If a node needs to be removed from a section, the section will need to be partitioned at the removed node (e.g. if the section is node[01-08] and node04 is being removed, the section will need to be partitioned to node[01-03] and node[05-08]). This can be accomplished by:
- Using the Copy button from the Actions column of the node section to duplicate the section.
- From the original node section, rename the section to the name of the first partition.
- In the duplicate node section, rename the section to the name of the second partition.
This will effectively remove the node from ClusterVisor, but with the node sections partition, this will result in any changes needing to be made to the nodes to be done in both sections. A way to counter against this would be to instead reassign a node at the end of the node section to replace the removed node (e.g. if the section is node[01-08] and node04 is being removed, then node08 would be reassigned as node04). This can be done by:
- Remove all variant fields of the removed node.
- Reassign the variant fields of the reassigned node to the removed node (e.g., following the previous example, this would mean changing all node08 variant fields to be node04 instead).
- Rename the section so that only the last node is removed (e.g., following the previous example, the section name would change from node[01-08] to node[01-07]).
- Reboot the reassigned node so that it can be reconfigured (e.g., following the previous example, node08 would need to be rebooted so that it will then be configured as node04).
This method would not require any duplicate sections to be created, so there would be no partition to manage like the other method. However, this can potentially lead to confusion since the labels on the node will still have the old node names on them (e.g., following the previous example, although node08 has been reassigned as node04, its labels will still show it is node08).

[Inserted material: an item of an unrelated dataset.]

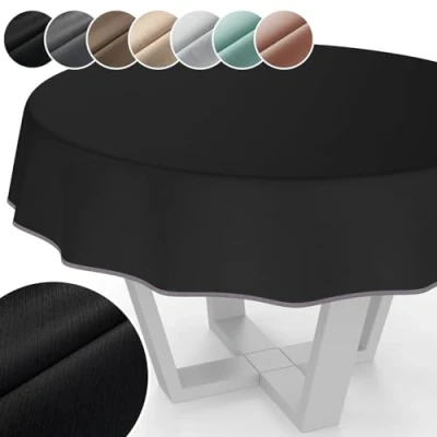Mila Tablecloth Washable Fabric Jacquard Teflon Coated Easy Care Lotus Effect Dirt and Water Repellent Plain Linen Look Round 140 cm with Hem (Edged) Anthracite

There is one other edge case for removing a node, which is if the node that needs to be removed is the beginning or end of a node's section (e.g., if the section is node[01-08], the beginning and ending nodes would be node01 and node08, respectively). In this case, nothing special needs to be done like the previous two methods, and only the node section needs to be renamed with the beginning or end removed (e.g., using the previous example, the section name would become node[02-08] if node01 is removed or node[01-07] if node08 is removed).

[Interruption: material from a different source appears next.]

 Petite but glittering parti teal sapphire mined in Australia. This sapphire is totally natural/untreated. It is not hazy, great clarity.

It is important to note that nodes do not need to be removed from ClusterVisor for the node to no longer be managed by it. Using a variant field to disable the plugins for a node will effectively make it so that ClusterVisor will no longer make modifications to the node. The method of using variant fields to isolate a node from its node section is a way to "softly" remove a node without needing to manage any of the hassles listed above.
Using the command line
Most of what has been described above has already been outlined in previous sections on how to modify the configuration values of nodes. However, the one new concept introduced was being able to delete a section. This can be done using the cv-conf utility using the --delete flag, but as mentioned above it is advisable to remove or disable the plugins for the nodes being removed first, which can be done using the --plugins flag.